■ PROBLEM TO SOLVE
This exercise calls for the line with "1966 Topps #436 Julian Javier 4 - VG/EX", the line with "Chanel Camellia Lambskin", and all lines between them in the material below, output exactly and with no other lines.

■ STUDY MATERIAL
/---

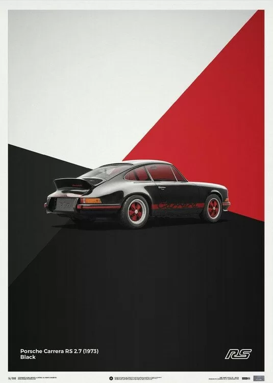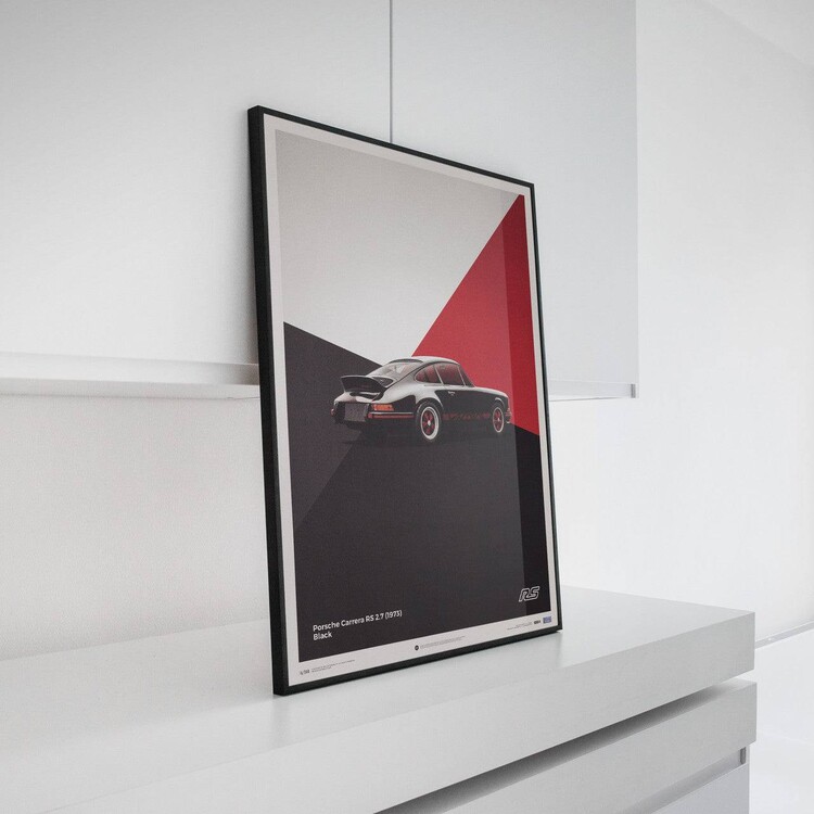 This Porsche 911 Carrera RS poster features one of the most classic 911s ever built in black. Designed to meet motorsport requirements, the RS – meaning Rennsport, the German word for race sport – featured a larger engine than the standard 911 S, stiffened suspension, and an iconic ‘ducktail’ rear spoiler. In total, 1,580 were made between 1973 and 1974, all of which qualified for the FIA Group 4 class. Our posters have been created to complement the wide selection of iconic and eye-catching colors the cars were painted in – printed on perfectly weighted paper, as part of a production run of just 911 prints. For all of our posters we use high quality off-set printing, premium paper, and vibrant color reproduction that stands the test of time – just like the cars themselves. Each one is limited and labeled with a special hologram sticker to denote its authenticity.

\---
/---

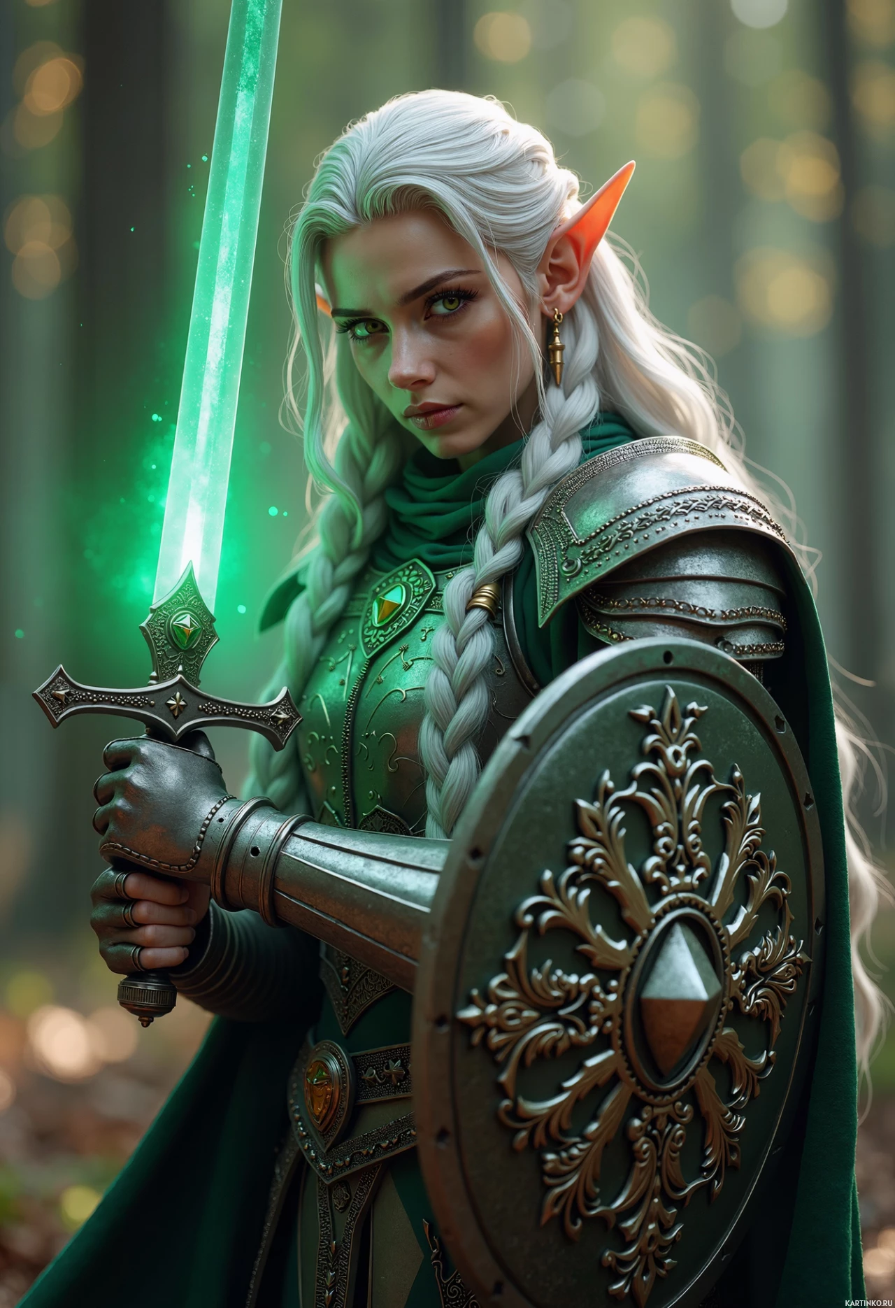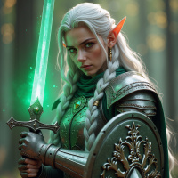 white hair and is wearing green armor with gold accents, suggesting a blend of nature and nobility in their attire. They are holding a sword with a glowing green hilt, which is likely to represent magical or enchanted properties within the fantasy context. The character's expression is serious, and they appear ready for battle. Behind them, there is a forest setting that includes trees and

\---
/---

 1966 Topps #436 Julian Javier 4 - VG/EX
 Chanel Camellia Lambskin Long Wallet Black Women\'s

\---

■ ANSWER SPACE
 1966 Topps #436 Julian Javier 4 - VG/EX
 Chanel Camellia Lambskin Long Wallet Black Women\'s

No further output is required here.